**WORK ORDER:** Transcribe, starting at the line with "Maroon Rangoli Silk Embroidery Work Suit" and ending at the line with "最后一种是从手机顶下滑,然后按住【>】继续下滑。", every line of the material below exactly, but leave out the pictures and anything outside that span.

**ENTRIES SUPPLIED:**
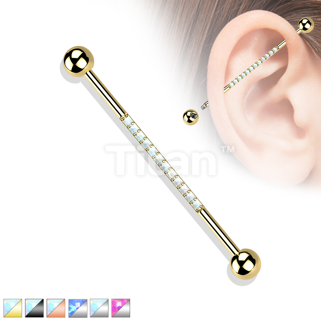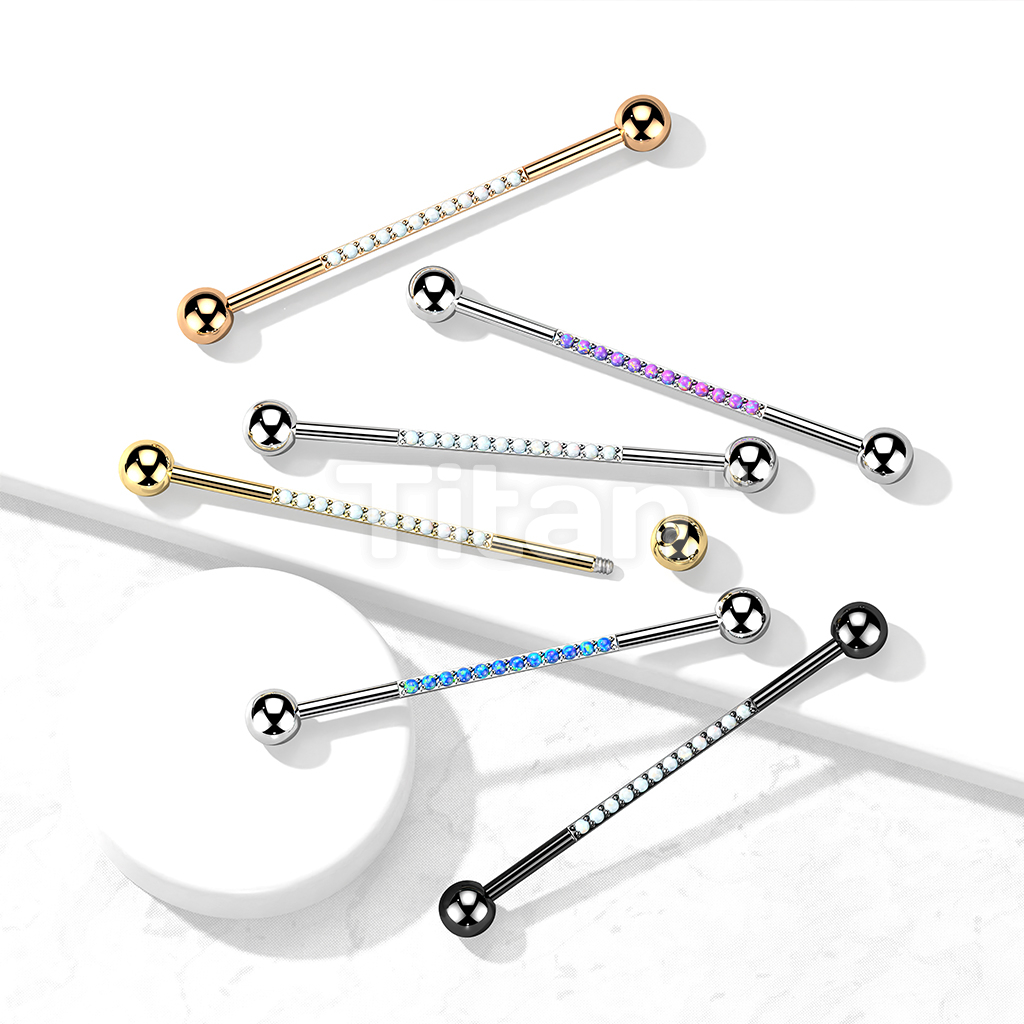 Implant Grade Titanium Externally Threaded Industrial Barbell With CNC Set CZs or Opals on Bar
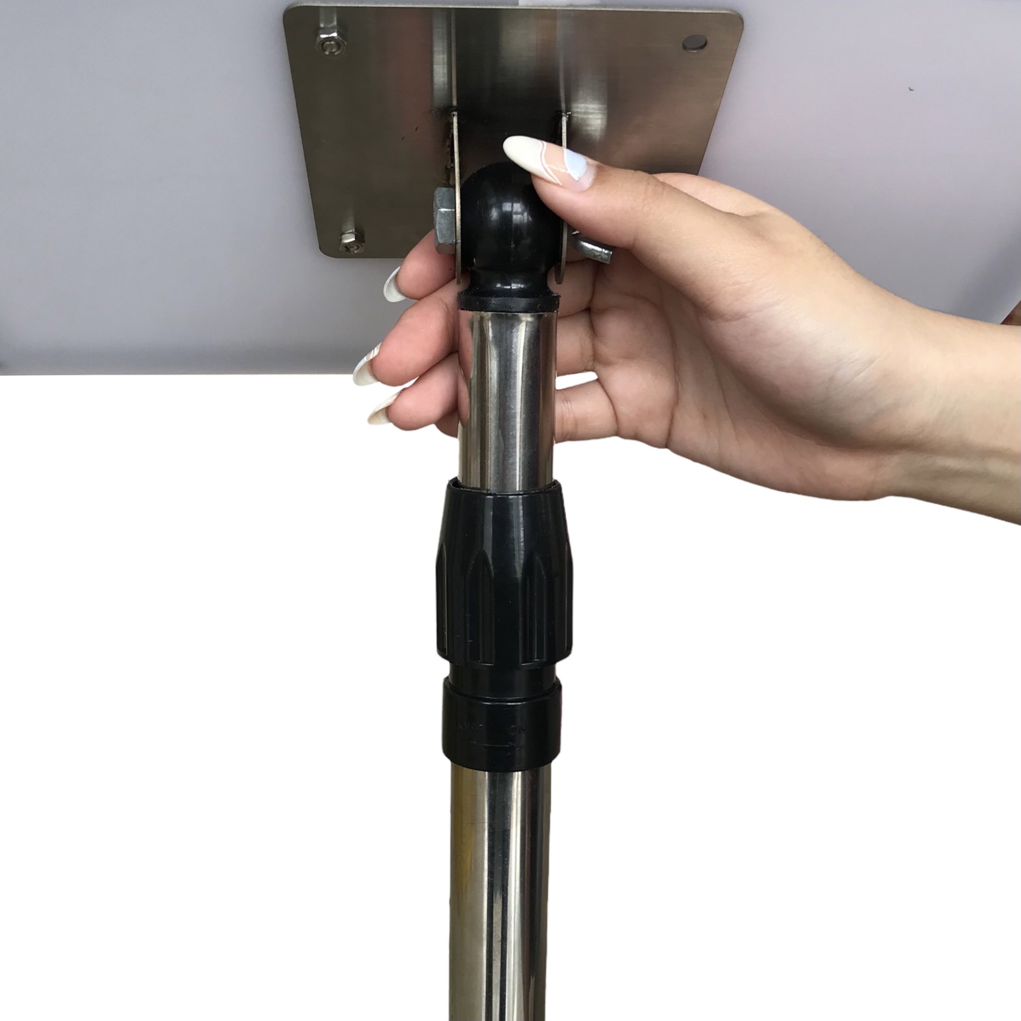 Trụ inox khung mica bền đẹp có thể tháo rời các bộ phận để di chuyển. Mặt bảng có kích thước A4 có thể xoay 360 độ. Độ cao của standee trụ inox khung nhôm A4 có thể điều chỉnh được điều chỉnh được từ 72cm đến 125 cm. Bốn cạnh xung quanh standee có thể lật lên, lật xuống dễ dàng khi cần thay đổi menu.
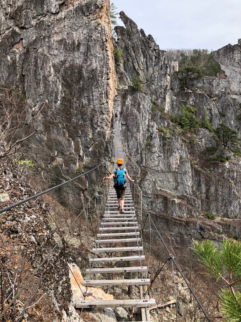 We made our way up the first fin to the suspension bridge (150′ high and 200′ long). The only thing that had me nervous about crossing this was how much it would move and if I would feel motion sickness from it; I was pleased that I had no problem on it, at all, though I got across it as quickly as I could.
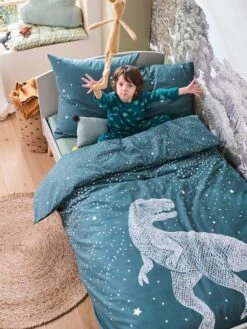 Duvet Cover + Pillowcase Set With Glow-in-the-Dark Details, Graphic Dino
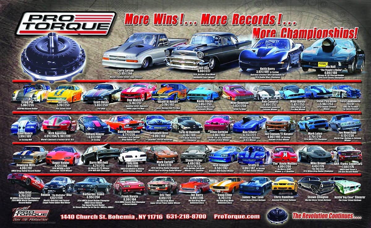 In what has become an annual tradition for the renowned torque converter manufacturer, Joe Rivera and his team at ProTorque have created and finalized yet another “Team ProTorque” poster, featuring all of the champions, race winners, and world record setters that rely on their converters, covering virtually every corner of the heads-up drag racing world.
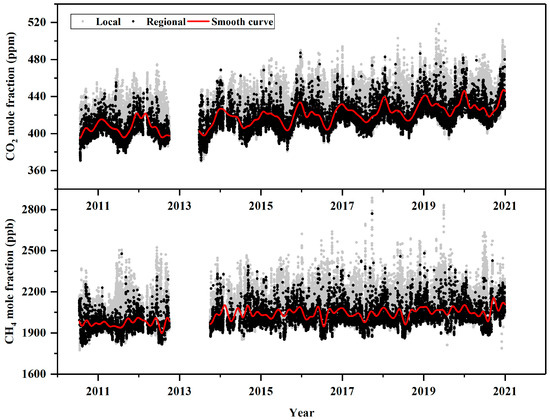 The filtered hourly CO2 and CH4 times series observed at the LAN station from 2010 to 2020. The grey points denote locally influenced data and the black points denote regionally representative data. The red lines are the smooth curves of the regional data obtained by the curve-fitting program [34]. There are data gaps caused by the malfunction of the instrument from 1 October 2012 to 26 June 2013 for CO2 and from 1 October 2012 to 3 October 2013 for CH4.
* * *
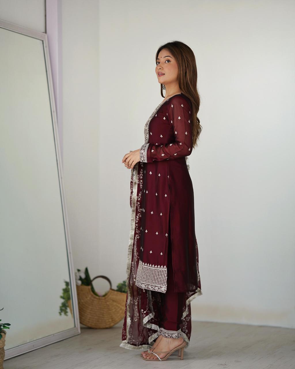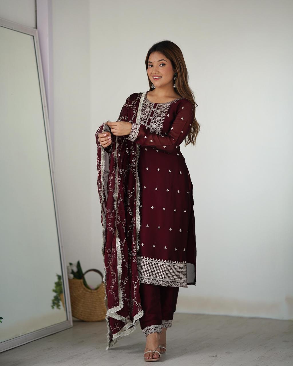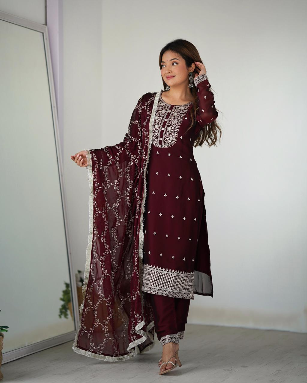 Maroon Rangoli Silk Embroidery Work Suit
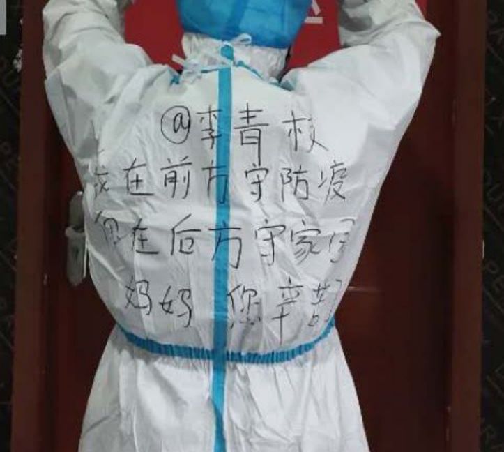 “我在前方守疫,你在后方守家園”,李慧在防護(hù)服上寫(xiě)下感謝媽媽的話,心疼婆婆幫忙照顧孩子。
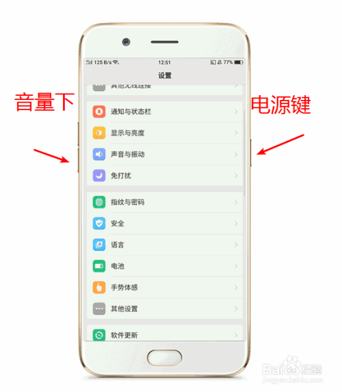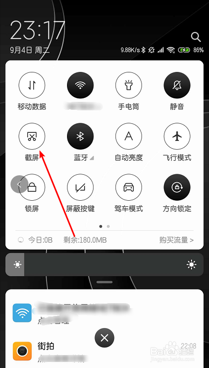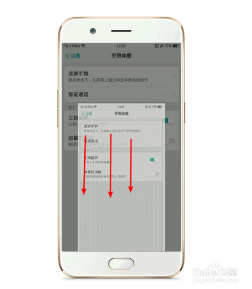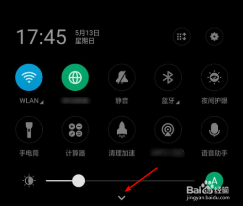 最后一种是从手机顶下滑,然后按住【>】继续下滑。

**TASK RESULT:**
 Maroon Rangoli Silk Embroidery Work Suit
 “我在前方守疫,你在后方守家園”,李慧在防護(hù)服上寫(xiě)下感謝媽媽的話,心疼婆婆幫忙照顧孩子。
 最后一种是从手机顶下滑,然后按住【>】继续下滑。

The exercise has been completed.